> **WHAT IS NEEDED**
When you copy the data, keep every line exactly as written and skip the pictures.

(Data entries)
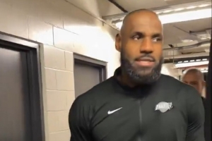 众将球员通道内很兴奋!詹姆斯:8连客在外两周了 终于要回家咯
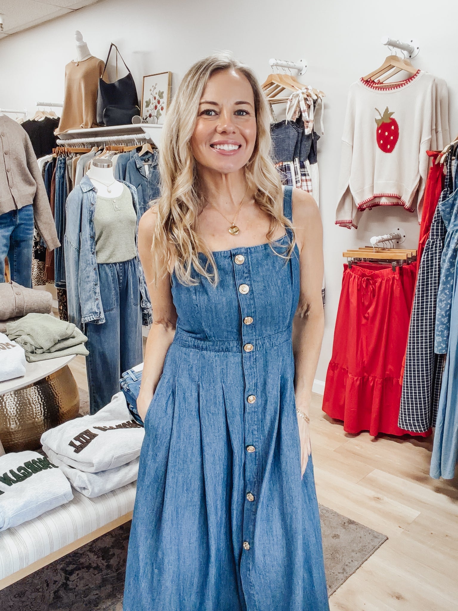 Designed with a flattering square neckline, adjustable straps, functional button front, and a comfortable smocked back, this dress fits beautifully while still feeling relaxed. The soft pleating through the skirt gives it movement, and yes — it has pockets.
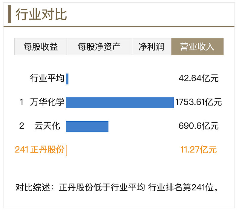 从营业收入方面来看,正丹股份低于行业平均,行业排名第241位。
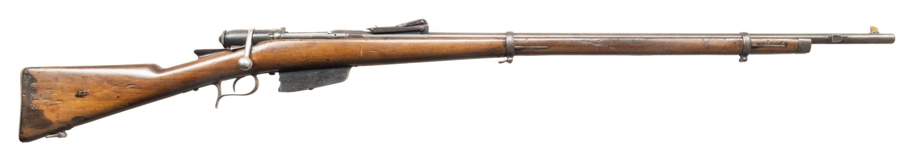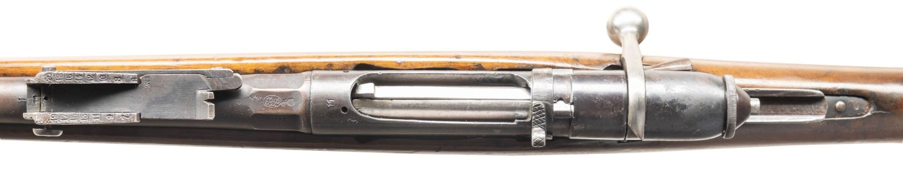 Cal. 6.5 Carc. S# VV6918. Bbl. 33 1/4". Replacement brass blade front sight. Ladder rear sight graduated to 2000m. WW1 update of an Italian Vetterli rifle to 6.5 Carcano. Matching numbers on stock & bbl. Bbl. has Torre Annuzita arsenal marking. Arsenal rework blue finish. Hardwood stock with bottom mounted sling swivels. No cleaning rod present. CONDITION: stock has added finish with notable dark staining on butt, some small cracks behind upper tang, some light chipping around butt, scattered dings & handling marks. Metal retains 50% arsenal rework blue with overall fading to gray, handling marks, ledge wear & some oxidation. Action functions properly when hand cycled. Very good bore with strong rifling. (01-28766/MJC). ANTIQUE. $200-400.
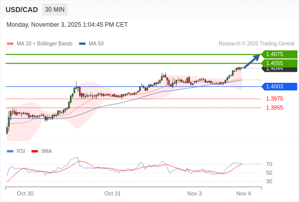 在 1.4000 之上,看涨,目标价位为 1.4055 ,然后为 1.4075 。
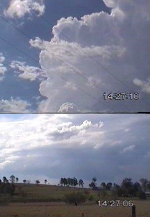 I got some distance north of this cell before finally stopping, changing my underwear and looking back at the storm. To my dismay, the updraft region was looking sick, and it looked like cell had lost a fair bit of grunt. However new cells were forming to my NW, over the Brisbane Valley-Crows Nest region! The updrafts on these cells were very strong, and they were producing thick anvils.
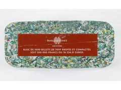 Sculpture, issued by Banque de France, containing 500-franc shredded notes. Overall value €76,224,51.
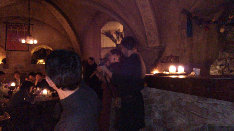 そのガイドさんに連れられて、旧市街の地下のレストランで晩飯。民族楽器の生演奏な店だった。
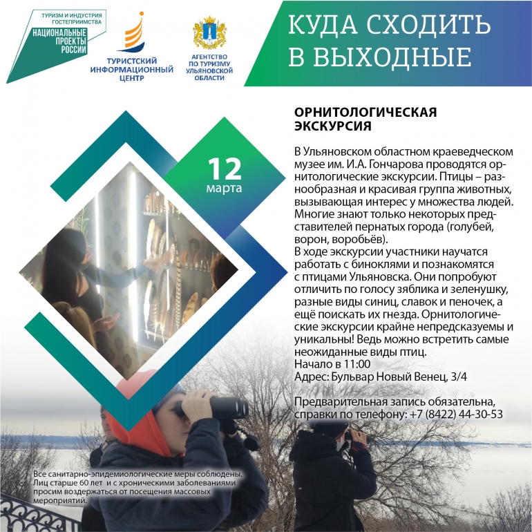 В ходе экскурсии участники научатся работать с биноклями и познакомятся с птицами Ульяновска. Попробуют отличить по голосу зяблика и зеленушку, разные виды синиц, славок и пеночек, а ещё поискать их гнезда. Орнитологические экскурсии крайне непредсказуемы и уникальны! Ведь можно встретить самые неожиданные виды птиц.
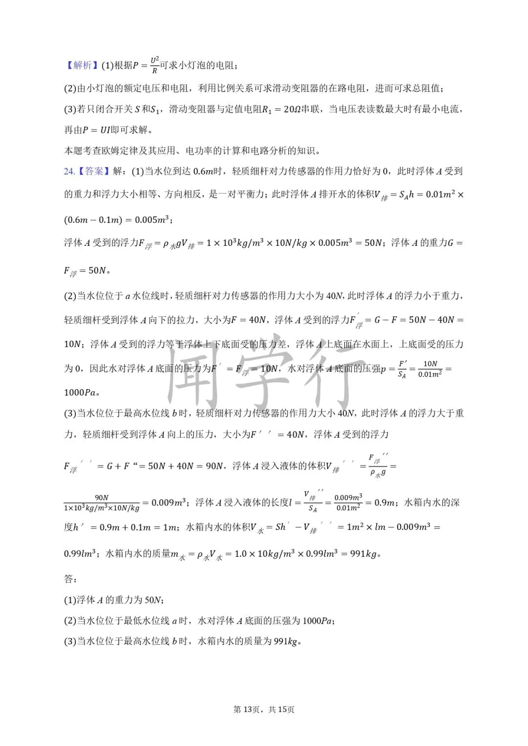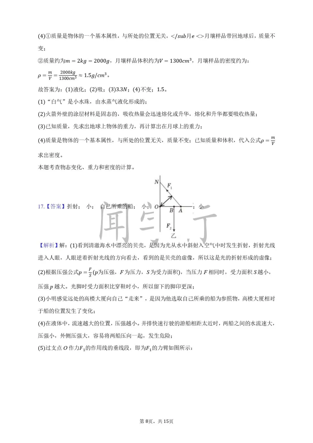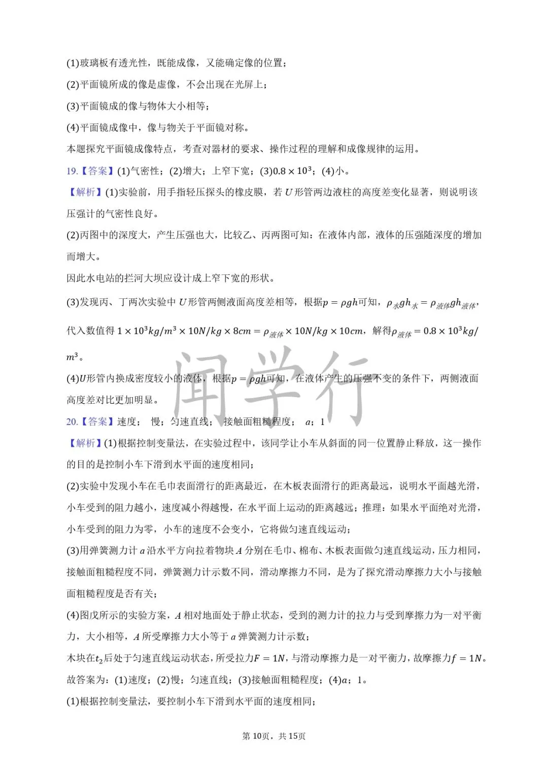 1.大 小;2.p=F/S;3.相等 大 大;4.p=ρgh;6.托里拆利;7.减小 增大;8.小 大

> **EXPECTED ANSWER**
 众将球员通道内很兴奋!詹姆斯:8连客在外两周了 终于要回家咯
 Designed with a flattering square neckline, adjustable straps, functional button front, and a comfortable smocked back, this dress fits beautifully while still feeling relaxed. The soft pleating through the skirt gives it movement, and yes — it has pockets.
 从营业收入方面来看,正丹股份低于行业平均,行业排名第241位。
 Cal. 6.5 Carc. S# VV6918. Bbl. 33 1/4". Replacement brass blade front sight. Ladder rear sight graduated to 2000m. WW1 update of an Italian Vetterli rifle to 6.5 Carcano. Matching numbers on stock & bbl. Bbl. has Torre Annuzita arsenal marking. Arsenal rework blue finish. Hardwood stock with bottom mounted sling swivels. No cleaning rod present. CONDITION: stock has added finish with notable dark staining on butt, some small cracks behind upper tang, some light chipping around butt, scattered dings & handling marks. Metal retains 50% arsenal rework blue with overall fading to gray, handling marks, ledge wear & some oxidation. Action functions properly when hand cycled. Very good bore with strong rifling. (01-28766/MJC). ANTIQUE. $200-400.
 在 1.4000 之上,看涨,目标价位为 1.4055 ,然后为 1.4075 。
 I got some distance north of this cell before finally stopping, changing my underwear and looking back at the storm. To my dismay, the updraft region was looking sick, and it looked like cell had lost a fair bit of grunt. However new cells were forming to my NW, over the Brisbane Valley-Crows Nest region! The updrafts on these cells were very strong, and they were producing thick anvils.
 Sculpture, issued by Banque de France, containing 500-franc shredded notes. Overall value €76,224,51.
 そのガイドさんに連れられて、旧市街の地下のレストランで晩飯。民族楽器の生演奏な店だった。
 В ходе экскурсии участники научатся работать с биноклями и познакомятся с птицами Ульяновска. Попробуют отличить по голосу зяблика и зеленушку, разные виды синиц, славок и пеночек, а ещё поискать их гнезда. Орнитологические экскурсии крайне непредсказуемы и уникальны! Ведь можно встретить самые неожиданные виды птиц.
 1.大 小;2.p=F/S;3.相等 大 大;4.p=ρgh;6.托里拆利;7.减小 增大;8.小 大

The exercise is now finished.